*DATASET EXCERPT:*
####################
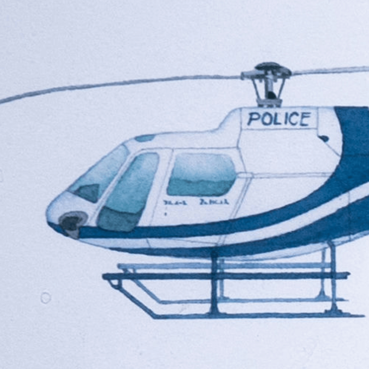Ilustración de Helicóptero Policial – Obra Enmarcada (28.5×21 cm)
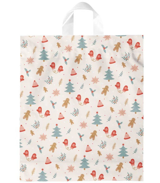 Celoplošně potištěná, igelitová taška s vánočním motivem a navařeným uchem.
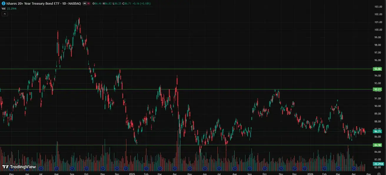 U.S. Treasuries 20+ (ETF TLT): weekly performance: -0,41% (week close: 86,71); year-to-date: -0,52%.
####################
*YOUR ASSIGNMENT:*
Go through the listing above and retype it exactly, skipping every picture.

*RESPONSE BOX:*
Ilustración de Helicóptero Policial – Obra Enmarcada (28.5×21 cm)
 Celoplošně potištěná, igelitová taška s vánočním motivem a navařeným uchem.
 U.S. Treasuries 20+ (ETF TLT): weekly performance: -0,41% (week close: 86,71); year-to-date: -0,52%.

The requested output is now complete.